_Data excerpts_
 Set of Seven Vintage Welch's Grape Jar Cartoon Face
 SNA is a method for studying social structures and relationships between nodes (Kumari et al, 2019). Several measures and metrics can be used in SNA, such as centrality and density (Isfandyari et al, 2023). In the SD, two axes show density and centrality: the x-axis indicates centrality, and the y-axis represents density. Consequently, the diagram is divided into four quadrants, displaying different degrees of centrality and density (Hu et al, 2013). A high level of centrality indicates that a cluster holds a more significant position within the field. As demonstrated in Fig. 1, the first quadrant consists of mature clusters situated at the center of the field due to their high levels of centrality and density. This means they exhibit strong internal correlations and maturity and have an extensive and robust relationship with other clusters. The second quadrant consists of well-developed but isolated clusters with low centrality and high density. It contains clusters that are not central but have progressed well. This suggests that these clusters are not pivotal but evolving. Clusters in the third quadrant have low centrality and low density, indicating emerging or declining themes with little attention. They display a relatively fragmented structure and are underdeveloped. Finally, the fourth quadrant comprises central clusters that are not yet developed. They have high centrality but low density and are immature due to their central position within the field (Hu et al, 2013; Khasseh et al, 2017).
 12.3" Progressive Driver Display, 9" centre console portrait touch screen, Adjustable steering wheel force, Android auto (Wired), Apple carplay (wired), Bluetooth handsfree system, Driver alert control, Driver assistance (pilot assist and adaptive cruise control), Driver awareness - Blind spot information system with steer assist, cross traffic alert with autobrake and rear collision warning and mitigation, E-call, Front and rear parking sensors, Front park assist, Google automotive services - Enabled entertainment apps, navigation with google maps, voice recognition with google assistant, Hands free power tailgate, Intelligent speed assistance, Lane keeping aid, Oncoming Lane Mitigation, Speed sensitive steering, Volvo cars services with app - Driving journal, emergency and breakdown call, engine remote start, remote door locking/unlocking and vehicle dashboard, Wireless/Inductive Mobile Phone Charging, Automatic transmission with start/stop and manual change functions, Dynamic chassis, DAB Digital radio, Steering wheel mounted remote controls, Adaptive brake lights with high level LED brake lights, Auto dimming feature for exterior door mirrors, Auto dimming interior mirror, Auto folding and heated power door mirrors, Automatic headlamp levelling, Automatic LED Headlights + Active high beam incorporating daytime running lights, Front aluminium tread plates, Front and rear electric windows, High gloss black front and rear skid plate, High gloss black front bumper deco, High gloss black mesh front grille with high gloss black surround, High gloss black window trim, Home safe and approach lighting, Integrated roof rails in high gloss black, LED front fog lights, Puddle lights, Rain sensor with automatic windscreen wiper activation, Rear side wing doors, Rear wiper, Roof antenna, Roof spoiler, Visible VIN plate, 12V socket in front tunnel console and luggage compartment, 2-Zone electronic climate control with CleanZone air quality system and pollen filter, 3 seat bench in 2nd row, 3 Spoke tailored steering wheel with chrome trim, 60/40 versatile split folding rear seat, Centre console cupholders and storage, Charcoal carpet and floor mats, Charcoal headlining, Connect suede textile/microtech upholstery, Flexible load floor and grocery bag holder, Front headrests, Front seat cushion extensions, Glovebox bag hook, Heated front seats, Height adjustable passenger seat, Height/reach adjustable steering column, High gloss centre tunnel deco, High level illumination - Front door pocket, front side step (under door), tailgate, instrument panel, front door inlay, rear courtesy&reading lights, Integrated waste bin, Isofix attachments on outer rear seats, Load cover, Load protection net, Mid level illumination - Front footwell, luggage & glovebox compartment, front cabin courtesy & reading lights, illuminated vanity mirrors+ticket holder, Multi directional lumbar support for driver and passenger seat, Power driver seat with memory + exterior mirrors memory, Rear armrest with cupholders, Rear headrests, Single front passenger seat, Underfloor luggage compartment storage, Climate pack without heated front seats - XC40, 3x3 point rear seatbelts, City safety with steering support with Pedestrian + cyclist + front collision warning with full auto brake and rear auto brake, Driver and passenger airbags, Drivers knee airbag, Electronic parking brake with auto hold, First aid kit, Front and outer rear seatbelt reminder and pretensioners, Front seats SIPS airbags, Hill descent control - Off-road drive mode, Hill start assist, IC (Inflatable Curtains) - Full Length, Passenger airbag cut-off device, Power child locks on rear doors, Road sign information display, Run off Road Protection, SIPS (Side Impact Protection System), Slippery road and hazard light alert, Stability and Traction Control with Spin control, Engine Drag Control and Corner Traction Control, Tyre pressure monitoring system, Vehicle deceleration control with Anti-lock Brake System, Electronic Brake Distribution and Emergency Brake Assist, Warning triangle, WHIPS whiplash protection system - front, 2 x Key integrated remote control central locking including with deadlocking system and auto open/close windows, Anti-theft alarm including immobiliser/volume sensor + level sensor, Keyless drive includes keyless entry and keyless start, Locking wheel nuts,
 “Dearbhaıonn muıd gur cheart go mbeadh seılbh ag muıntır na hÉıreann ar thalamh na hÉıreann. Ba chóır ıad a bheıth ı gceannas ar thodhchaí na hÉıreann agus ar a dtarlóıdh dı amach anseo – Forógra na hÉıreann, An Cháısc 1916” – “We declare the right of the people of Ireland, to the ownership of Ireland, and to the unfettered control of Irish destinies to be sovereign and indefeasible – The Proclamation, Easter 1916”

--

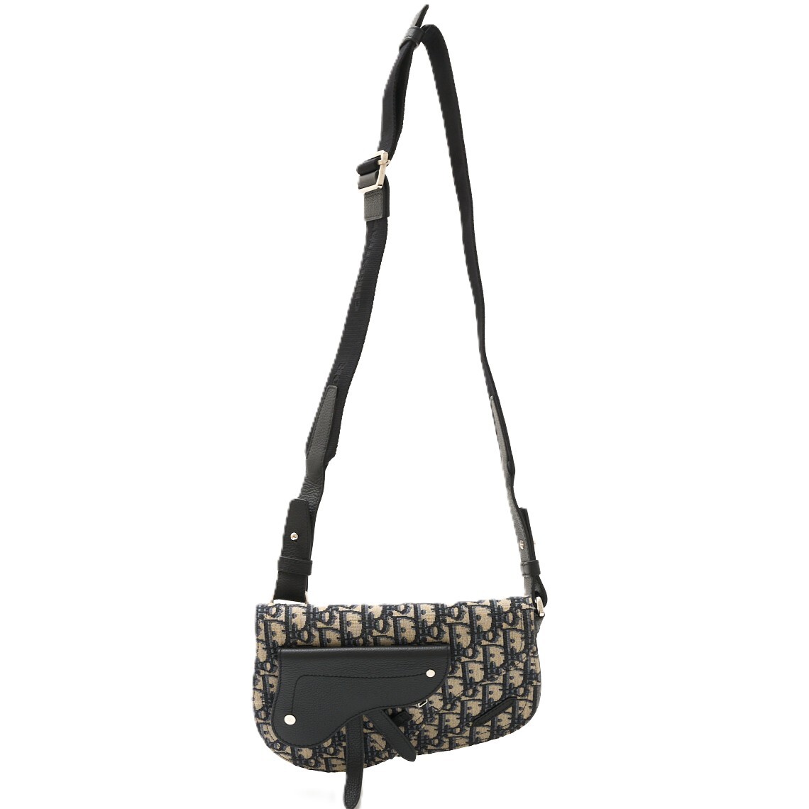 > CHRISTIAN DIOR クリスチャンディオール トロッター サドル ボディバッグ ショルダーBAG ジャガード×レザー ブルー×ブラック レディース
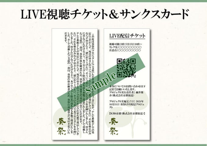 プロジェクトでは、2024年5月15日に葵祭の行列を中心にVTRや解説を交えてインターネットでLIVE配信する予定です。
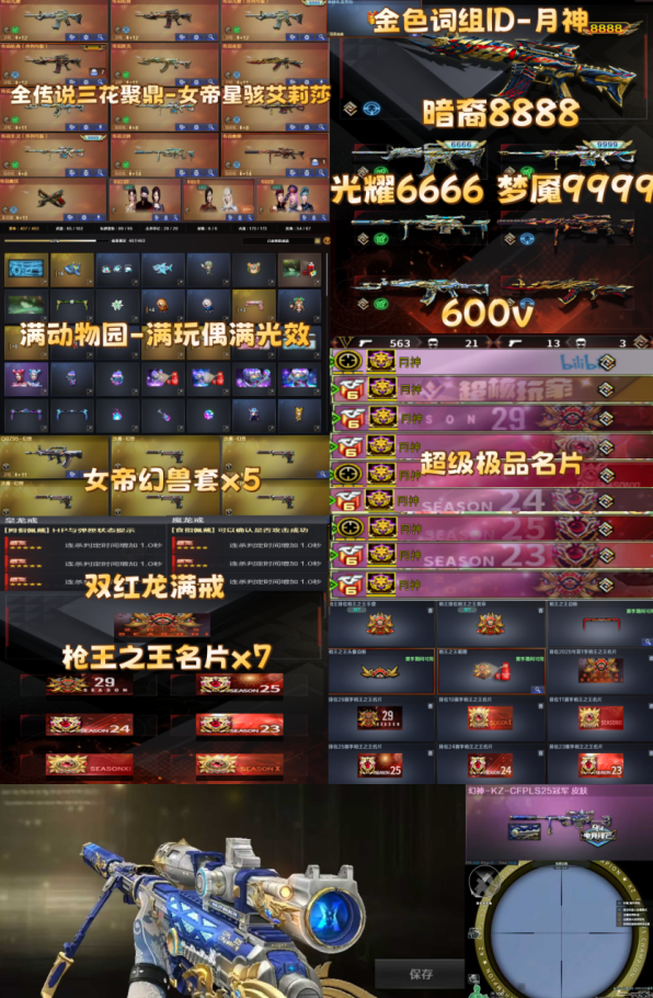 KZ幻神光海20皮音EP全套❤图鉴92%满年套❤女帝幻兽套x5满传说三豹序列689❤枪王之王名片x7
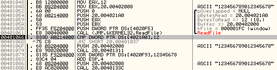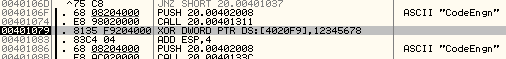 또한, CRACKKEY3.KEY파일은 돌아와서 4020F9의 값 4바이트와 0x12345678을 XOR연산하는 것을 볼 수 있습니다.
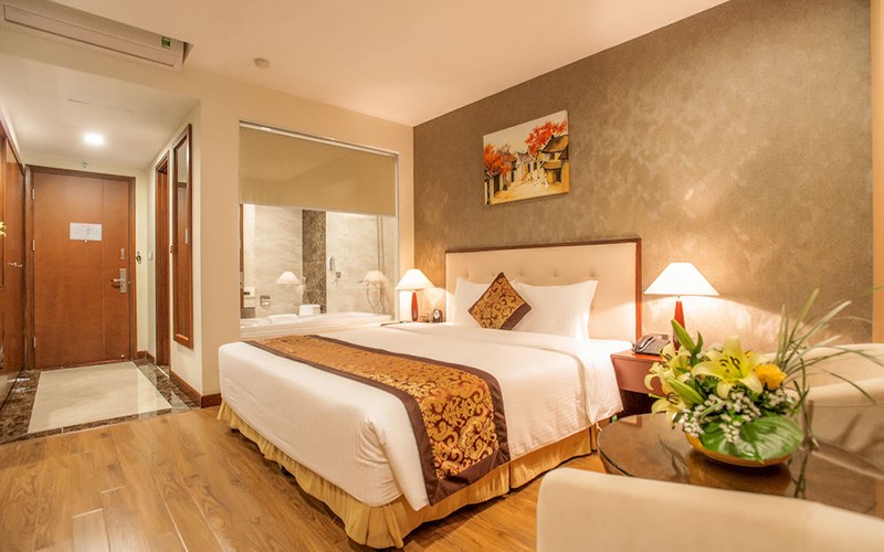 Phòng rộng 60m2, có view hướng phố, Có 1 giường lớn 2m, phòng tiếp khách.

---

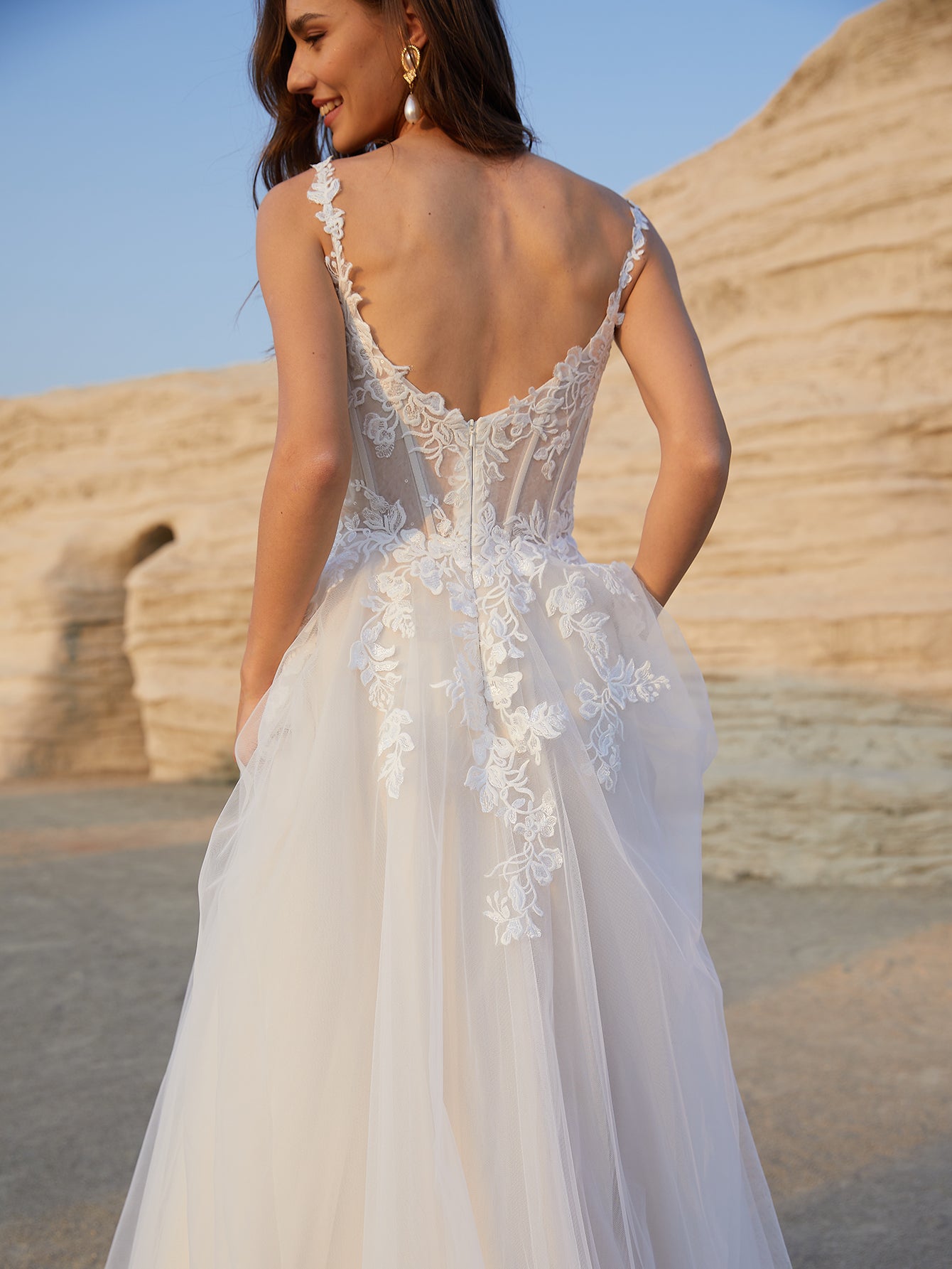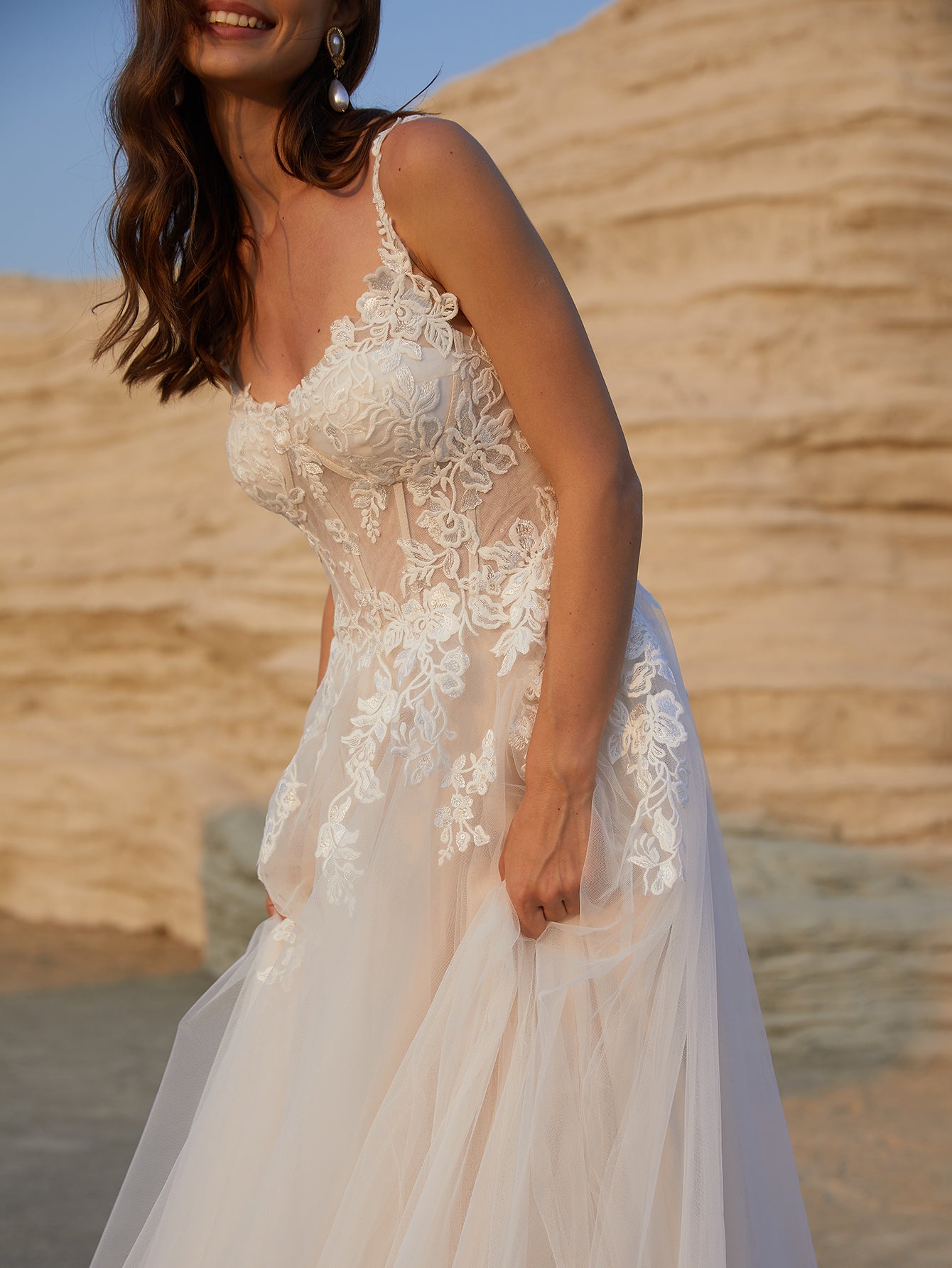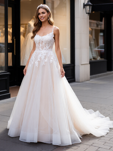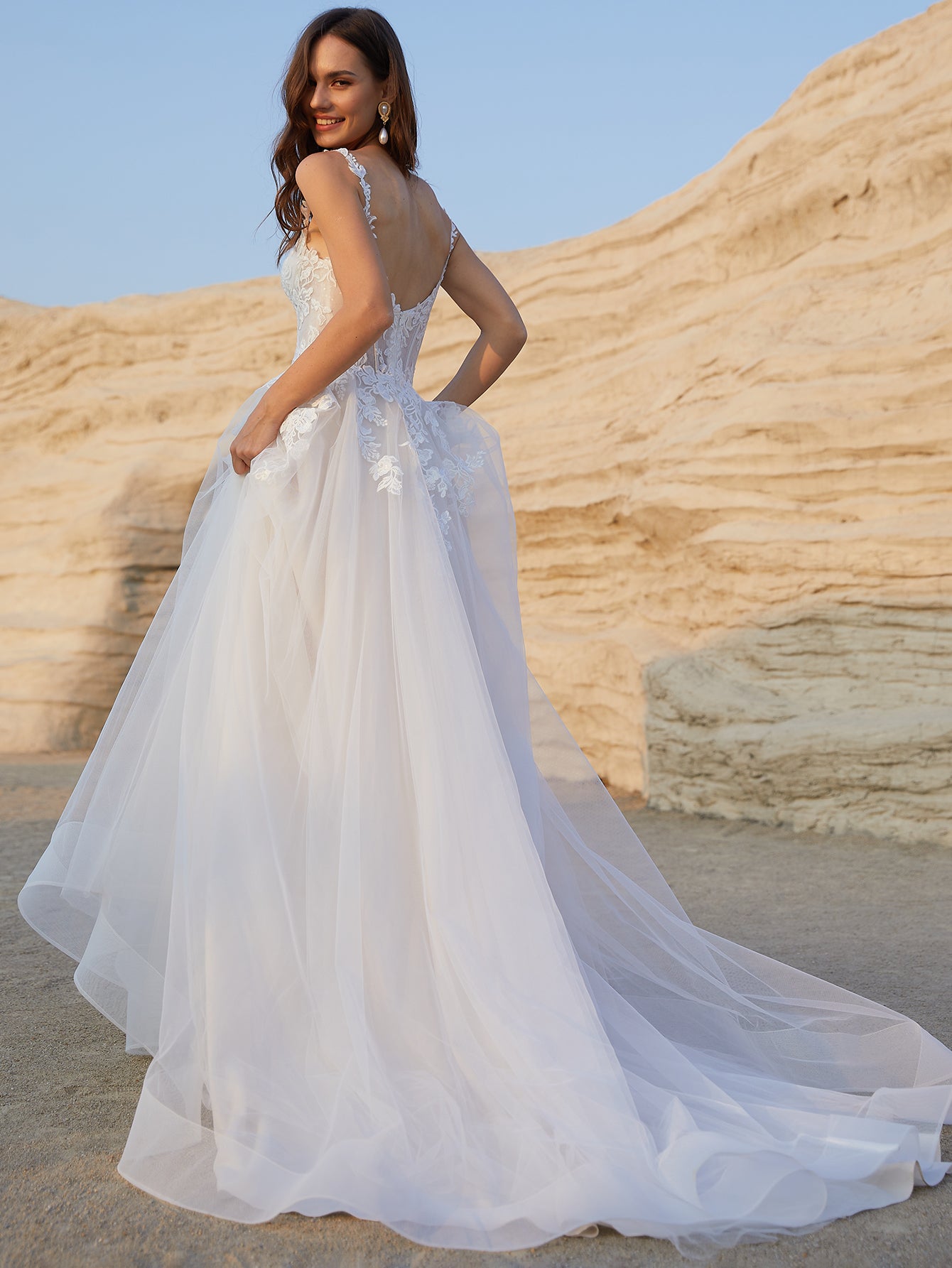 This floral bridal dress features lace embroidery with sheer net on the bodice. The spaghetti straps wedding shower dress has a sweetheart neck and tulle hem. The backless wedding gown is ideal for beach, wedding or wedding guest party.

_What you should do_
Set down exactly the lines above, from the line containing "ジャガード×レザー ブルー×ブラック レディース" through the line containing "Phòng rộng 60m2, có". Skip the pictures.

_Result_
 > CHRISTIAN DIOR クリスチャンディオール トロッター サドル ボディバッグ ショルダーBAG ジャガード×レザー ブルー×ブラック レディース
 プロジェクトでは、2024年5月15日に葵祭の行列を中心にVTRや解説を交えてインターネットでLIVE配信する予定です。
 KZ幻神光海20皮音EP全套❤图鉴92%满年套❤女帝幻兽套x5满传说三豹序列689❤枪王之王名片x7
 또한, CRACKKEY3.KEY파일은 돌아와서 4020F9의 값 4바이트와 0x12345678을 XOR연산하는 것을 볼 수 있습니다.
 Phòng rộng 60m2, có view hướng phố, Có 1 giường lớn 2m, phòng tiếp khách.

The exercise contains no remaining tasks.